02/09/2015 - 07:31:00

Tratamento desigual

JORGE MORAIS Jornalista

No meu modo de entender as coisas, não deve ou não pode existir diferença entre as pessoas quando se trata de situações iguais. No caso dos trabalhadores, o governo federal tinha tomado uma decisão na separação do pagamento de vantagens entre aqueles que estão na ativa e os aposentados.

No mês de agosto, ela autorizou 50% de pagamento do 13º para os que estão trabalhando, ou seja, o funcionário público federal, com a outra metade do pagamento em dezembro, mas, para os aposentados e pensionistas, o tratamento era de modo desigual.

A divisão se daria em três parcelas, isso depois de muita reclamação: 25% em setembro, 25% em outubro e 50% em dezembro. A alegação era que o governo não teria recursos em caixa para bancar uma situação igual entre as classes. Pergunta-se: o aposentado teria como bancar o parcelamento na compra de remédios, por exemplo? Como todo ano vinha sendo feito o parcelamento em duas vezes – agosto e dezembro –, como ficaria a vida depois da mudança na regra do jogo já conhecida por eles?

Esse compromisso financeiro do governo chega a 28 milhões e 200 mil beneficiários do INSS. Na justificativa, o governo aponta as dificuldades em contar com os recursos, pelo fraco ritmo de atividade na economia, acarretando uma queda considerável na arrecadação. Isso romperia ou quebraria uma tradição que ocorria desde 2006, e dado como certo o pagamento, também, em 2015.

Mesmo que por lei a primeira parcela – ou seja, a metade – possa ser paga até 30 de novembro, toda mudança de regra deve ser comunicada, oficialmente, com bastante antecedência, para que não possa causar prejuízos às partes interessadas.
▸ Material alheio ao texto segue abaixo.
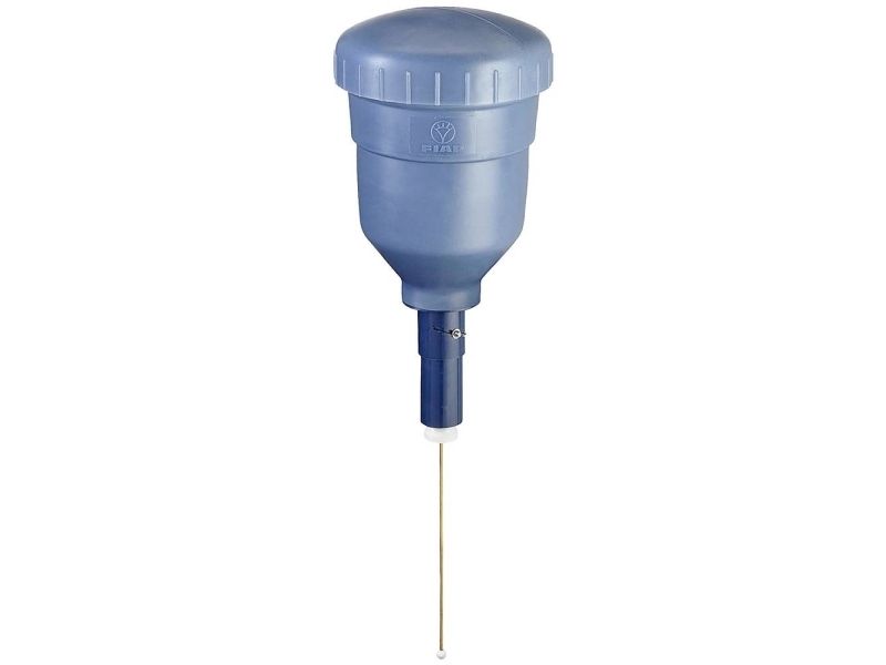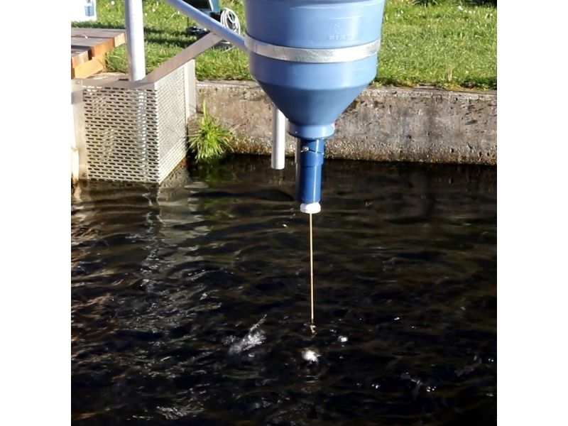 FIAP Pendulum Feeder is operated without current via adaptor with a pendular system. The discharge pipe’s mechanical turning allows for steplessly adjusting the fodder quantity. The required amount of feedingstuffs depends on fish activity. As needed, the container can be filled with the fodder required for several days (3, 10, 20, 40, or 60 kg). Under water contact with the pendulum will release the feedingstuffs (pellets in a size from 2 to 10 mm). FIAP Pendulum Feeder is thus suitable for the consistent feeding of all fish species, and is available in 5 different versions. As accessories, we offer retaining ring, swivel arm, and pipe penetration. FIAP Pendulum Feeder serves to optimize your fish farm’s feedingstuffs ratio.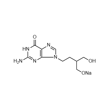 Penciclovir (VSA 671) sodium is a potent and selective anti-herpesvirus agent with EC50 values of 0.5, 0.8 µg/ml for HSV-1 (HFEM), HSV-2 (MS), respectively. Penciclovir sodium shows anti-herpesvirus activity with no-toxic. Penciclovir sodium preventes mortality in mouse[1][2].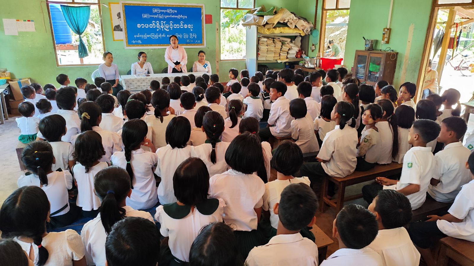 ရှေးဦးစွာ ကျောင်းအုပ်ဆရာမကြီး ဒေါ်တင်ထားအေးက အမှာစကားပြောကြားပြီး ပြန်ကြားရေးနှင့်ပြည်သူ့ဆက်ဆံရေးဦးစီးဌာနမှ ဝန်ထမ်းများက ကျောင်းသား၊ ကျောင်းသူများ အားလပ်ချိန်တွင် အချိန်ကို အကျိုးရှိစွာအသုံးပြုရေး၊ ကျောင်းစာကိုကြိုးစားကြသလို ဗဟုသုတတိုးပွားရေးအတွက် ပြင်ပစာပေများကိုပါ လေ့လာဖတ်ရှုကြရေးနှင့် မူးယစ်ဆေးဝါးအန္တရာယ်အသိပညာပေးမှုများကို ဟောပြောဆွေးနွေးခဲ့သည်။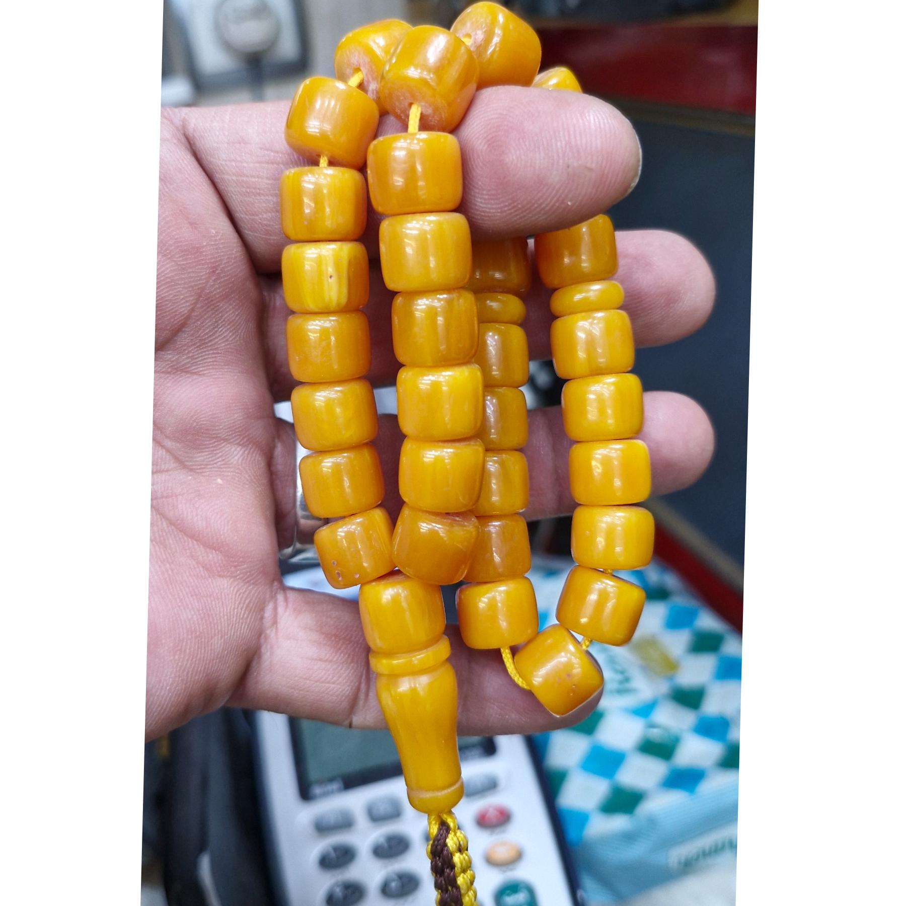 تسبیح سندلوس سی و سه دانه شمش آلمان تراش دست رگه دار وزن 50 گرم قد22سانت تراش چرتکه ای سایز کارمندی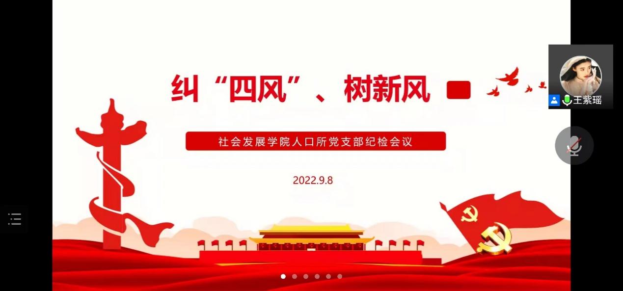 进一步加强支部作风建设、营造风清气正的支部氛围,根据中央纪委国家监委驻教育部纪检监察组、上海市纪委监委、学校纪委的工作要求,人口所硕士研究生党支部于98召开“纠四风、树新风”专题学习会,传达学校相关通知精神,会议由支部书记张帆主持、纪检委员王紫瑶同志主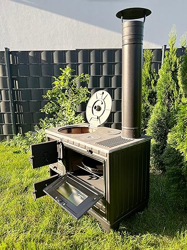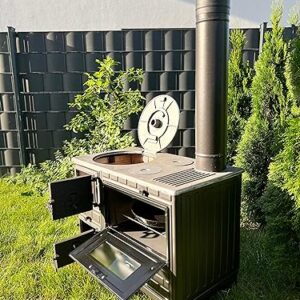 Outdoor-Küchenofen Terrassenofen Kuzine Soba/Gartenküche Holzofen Ofen mit Holzkohle (Guss 140cm Rohr Regenhaube)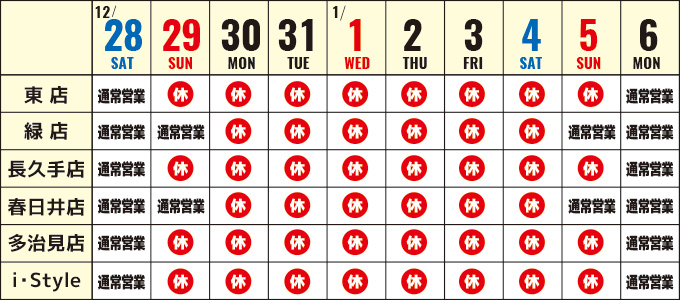 ※店舗により休業期間が異なりますのでご注意ください。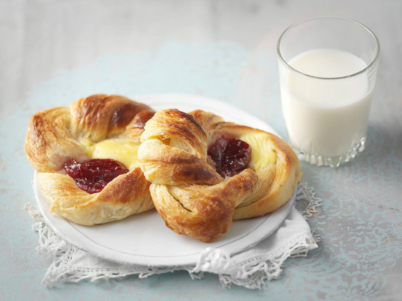 - Voitele kohonneet wienerit "huolimattomasti" munalla. Lisää päälle n. 1 rkl vaniljakiisseliä ja toiseen päähän n. 2 tl marmeladia.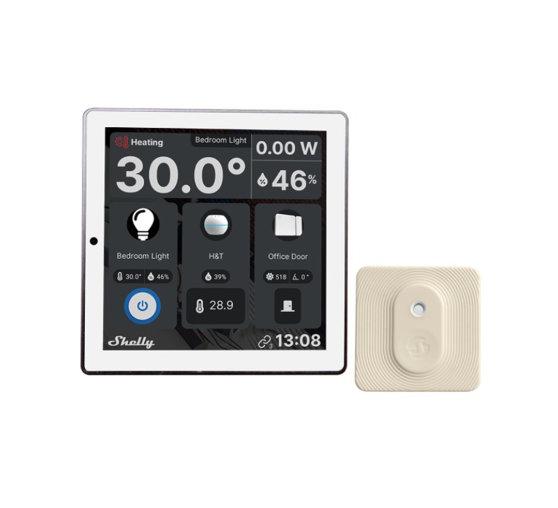 Et stilrent veggmontert touch-display som samler styringen av lys, varme, scener og smarthusfunksjoner på ett sted. Har innebygd temperatursensor, fuktighetssensor og støtte for Shelly-økosystemet. -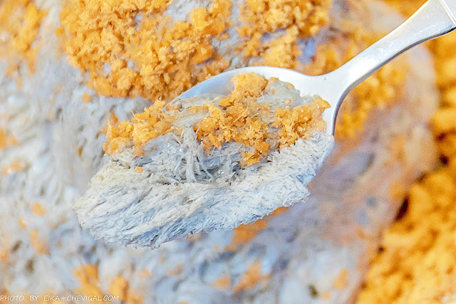雪花冰的質地細密輕柔,但是入口卻又能馬上感受到芝麻的濃郁香氣,搭配上肉鬆香酥的口感,吃起來的口感頗有層次,忍不住會讓人聯想到復古的餅乾口味,還蠻特別的~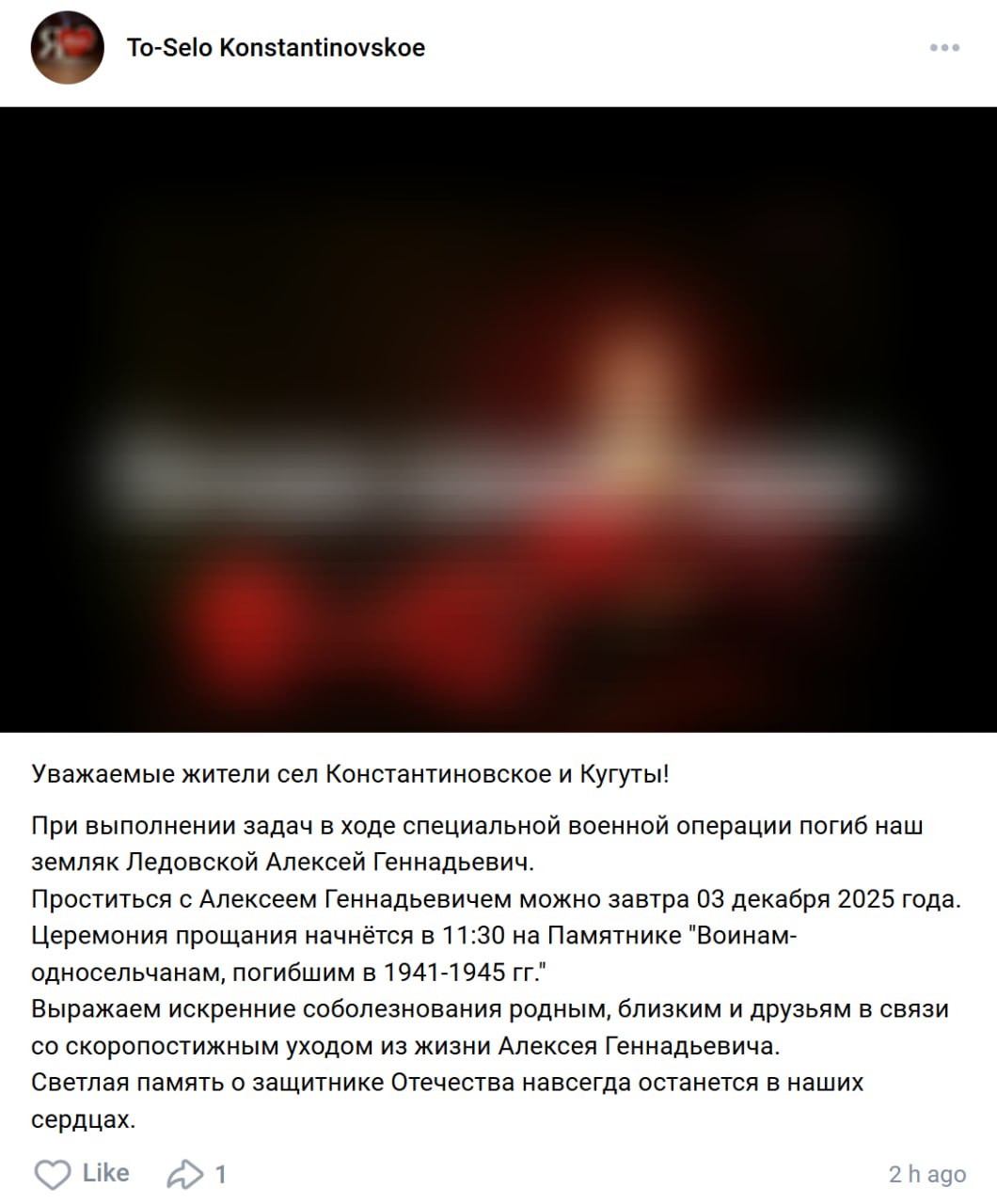 Дата сообщения о гибели: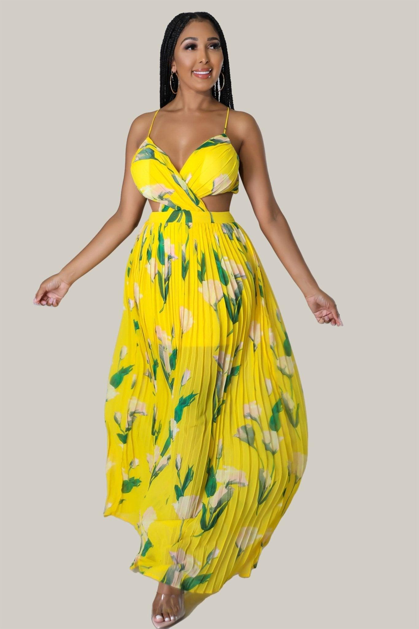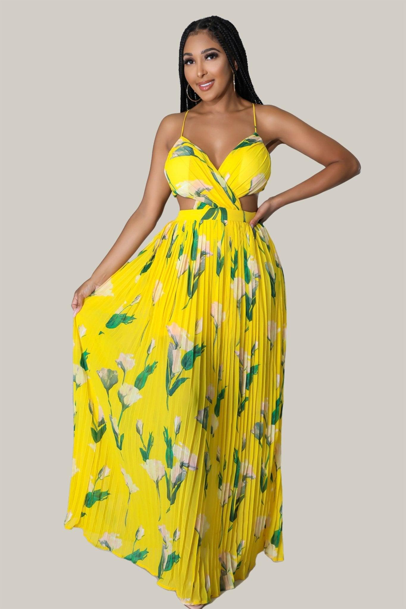 Abigail Tie Neck Floral Print Pleated Maxi Dress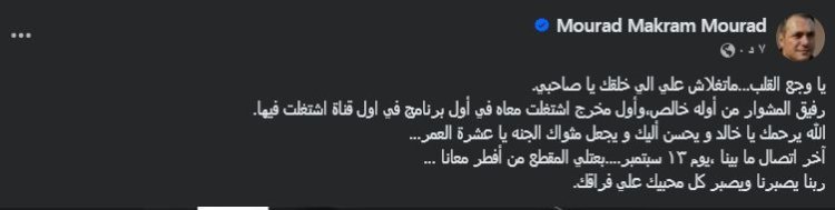 عبّر الفنان مراد مكرم عن حزنه العميق لوفاة الإعلامي خالد شبانة، رئيس قطاع القنوات المتخصصة بالتليفزيون، الذي توفي يوم الأربعاء، من خلال رسالة مؤثرة نشرها عبر حسابه على فيسبوك.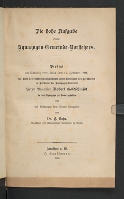 Die hohe Aufgabe eines Synagogen-Gemeinde-Vorstehers : Predigt am Sabbath Tezawe 5654 (den 17. Februar 1894) zur Feier des fünfundzwanzigjährigen Amts-Jubiläums des Vorsitzenden im Vorstande der Synagogen-Gemeinde Herrn Banquier Robert Goldschmidt in der Synagoge Bonn / gehalten und auf Verlangen dem Drucke übergeben von Dr. F. Cohn (Rabbiner der israelitischen Gemeinde zu Bonn)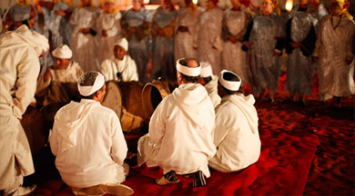 Petit déjeuner. Départ pour Ouarzazate pas la piste du Draa, longeant l’oued du même nom, à travers désert et oasis. Le fond de la vallée, verdoyant, contraste avec la montagne aride ; dans les hameaux perdus la vie se déroule de la même façon depuis plusieurs siècles. Sortie de la piste à Tansikht. Continuation à travers une montagne aride offrant de magnifiques paysages de canyons. Arrêt à Agdz puis continuation pour Ouarzazate. Déjeuner. Route pour Marrakech puis pour le domaine Couleurs Berbères. Dîner traditionnel animé par la troupe folklolrique locale HoumadaFeu de camp. Nuit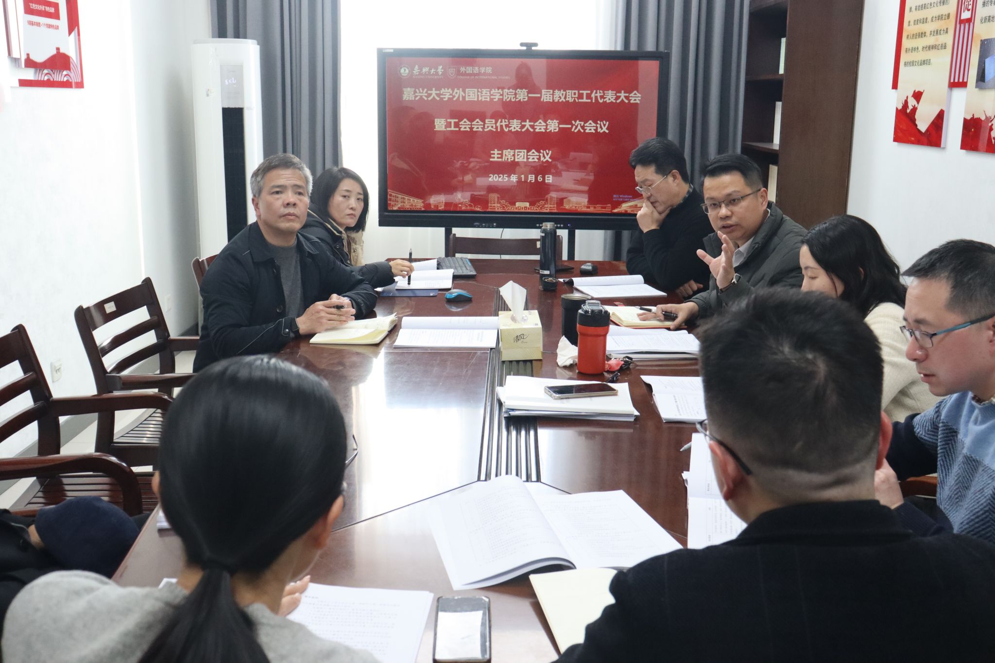 2025年1月6日,91论坛 第一届教职工代表大会暨工会会员代表大会第一次会议召开。学院党政班子成员、教职工代表参加大会,大会由党委副书记张啸峰主持。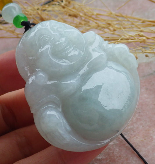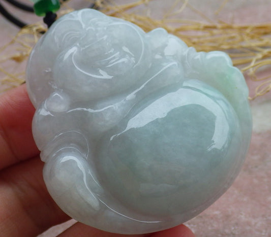 Atestita Glacia Verda Birmo 100% Natura A Jadejadeita pendanta Feliĉa Budho Dio-Koliero 开心佛 639505 TN

No caso dos aposentados e pensionistas, somente agora, no transcorrer do mês, é que o governo anunciou essa medida antipática do parcelamento diferenciado, quando as duas categorias haviam assumidos compromissos inadiáveis, apostando na tradição de dez anos.O Sindicato Nacional dos Aposentados, Pensionistas e Idosos da Força Sindical entrou com uma ação na Justiça para garantir que o pagamento fosse feito em duas parcelas – 50% em setembro e 50% em dezembro –, já, pelo menos, abandonando a ideia de recebimento no mês de agosto, que, para desgosto de muita gente, já está indo embora. 

O melhor de tudo isso, se é que existe alguma coisa boa na questão e no país, é que o presidente da Ordem dos Advogados do Brasil, Marcus Vinicius Furtado Coelho, quebrou o silêncio e divulgou uma nota na qual lamentou que o governo “faça com que parcelas desprotegidas da sociedade tenham de arcar com prejuízos devido à inabilidade da gestão”.

Ultimamente, estava achando muito estranho o silêncio de Furtado Coelho, porque muitas coisas vêm ocorrendo no país e não vejo a OAB/Nacional se manifestar, como já fez em um passado não muito distante, indo às ruas e solidária às manifestações populares ou políticas de quaisquer naturezas. E ele foi mais além: “Enquanto bilhões de reais são gastos na manutenção de ministérios que nem mesmo governistas sabem dizer os nomes, alega a administração não ter recursos para a promoção do bem-estar daqueles que dedicaram sua vida à nação”.

Em boa hora, contrariando a posição do Ministério da Fazenda que havia sugerido o atraso e o parcelamento, a presidente Dilma Rousseff determinou que o pagamento seja feito para aposentados e pensionistas do INSS em duas parcelas: 24 de setembro e no mês de dezembro. Para os iguais perante a lei, em qualquer lugar do mundo, o tratamento não deve ser desigual. Nesse rolo todo, finalmente, outra notícia boa: a presidenta vai reduzir em dez, o número de seus ministérios. Ainda bem...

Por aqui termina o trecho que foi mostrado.